DATA.
[Start of section]

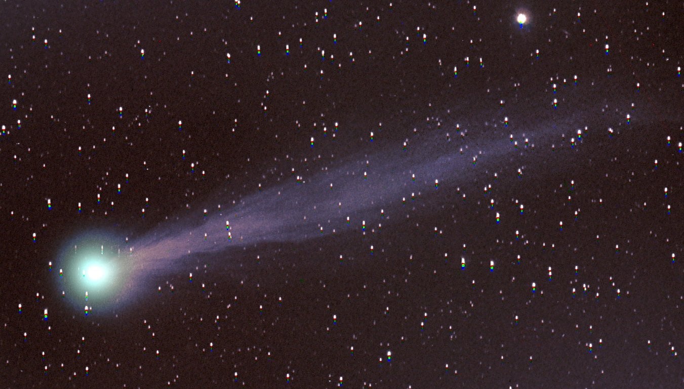 Near its closest approach to planet Earth, comet SWAN (C/2006 M4) brightened unexpectedly earlier this week, becoming visible to naked-eye observers under dark night skies. Telescopic observers also noticed dramatic changes in the comet's colorful coma and tail, seen in this view recorded on October 25th. To make the picture, images totaling eight minutes in exposure time were stacked and centered on the comet as it moved relatively quickly against the background star field. The picture covers about 1 degree on the sky. Northern hemisphere observers should still find the comet an easy binocular target in the early evening, even though moonlight will increase the overall sky brightness in the next few days. Look toward the northwestern horizon and the constellation Hercules.
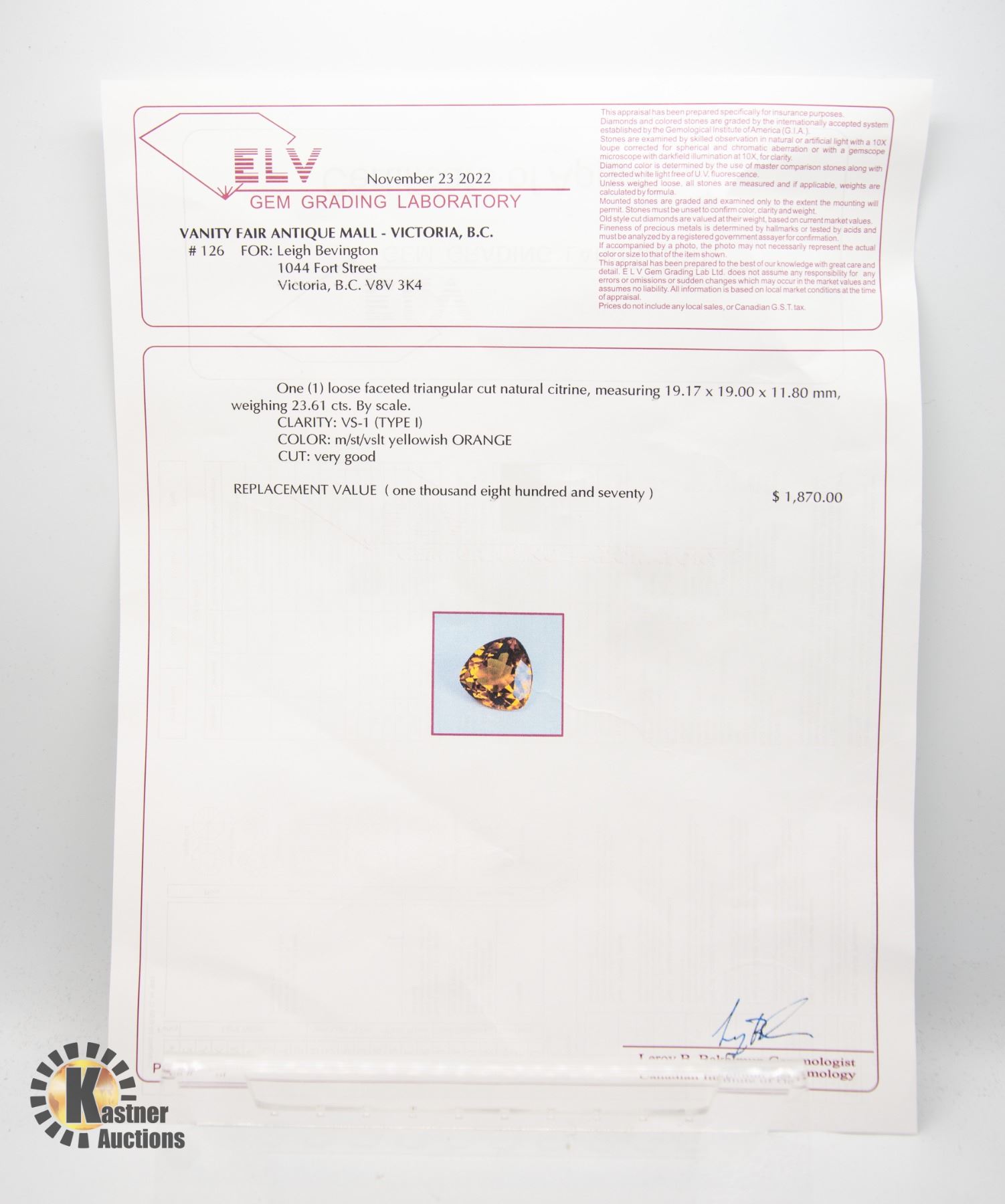 It is the sole responsibility of the purchaser to remove their items within the prescribed time. Kastner Auctions Ltd will NOT provide any delivery or transport of any nature for live auction items.
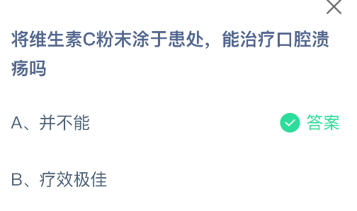 1、题目 :将维生素C粉末涂于患处,能治疗口腔溃疡吗
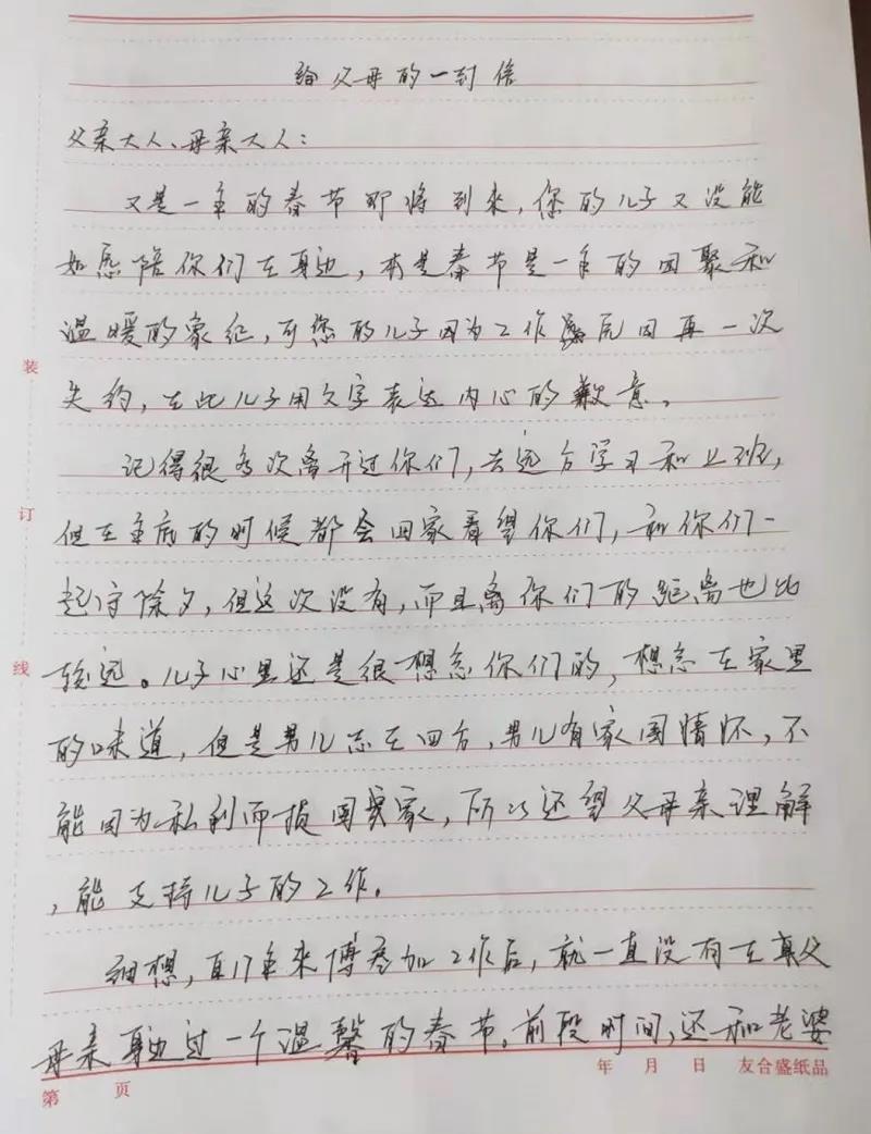有国才有家,选择坚守是为了更好地团聚。就地过年的青年民警们,拿起笔和纸,向家人汇报一年的工作、生活情况,把藏在心底浓浓的爱意,用书信的方式向家人传递。

[End of section]

AIM OF THE EXERCISE. If pictures appear in the data, do not print them; repeat the rest exactly.

TASK OUTPUT.
 Near its closest approach to planet Earth, comet SWAN (C/2006 M4) brightened unexpectedly earlier this week, becoming visible to naked-eye observers under dark night skies. Telescopic observers also noticed dramatic changes in the comet's colorful coma and tail, seen in this view recorded on October 25th. To make the picture, images totaling eight minutes in exposure time were stacked and centered on the comet as it moved relatively quickly against the background star field. The picture covers about 1 degree on the sky. Northern hemisphere observers should still find the comet an easy binocular target in the early evening, even though moonlight will increase the overall sky brightness in the next few days. Look toward the northwestern horizon and the constellation Hercules.
 It is the sole responsibility of the purchaser to remove their items within the prescribed time. Kastner Auctions Ltd will NOT provide any delivery or transport of any nature for live auction items.
 1、题目 :将维生素C粉末涂于患处,能治疗口腔溃疡吗
有国才有家,选择坚守是为了更好地团聚。就地过年的青年民警们,拿起笔和纸,向家人汇报一年的工作、生活情况,把藏在心底浓浓的爱意,用书信的方式向家人传递。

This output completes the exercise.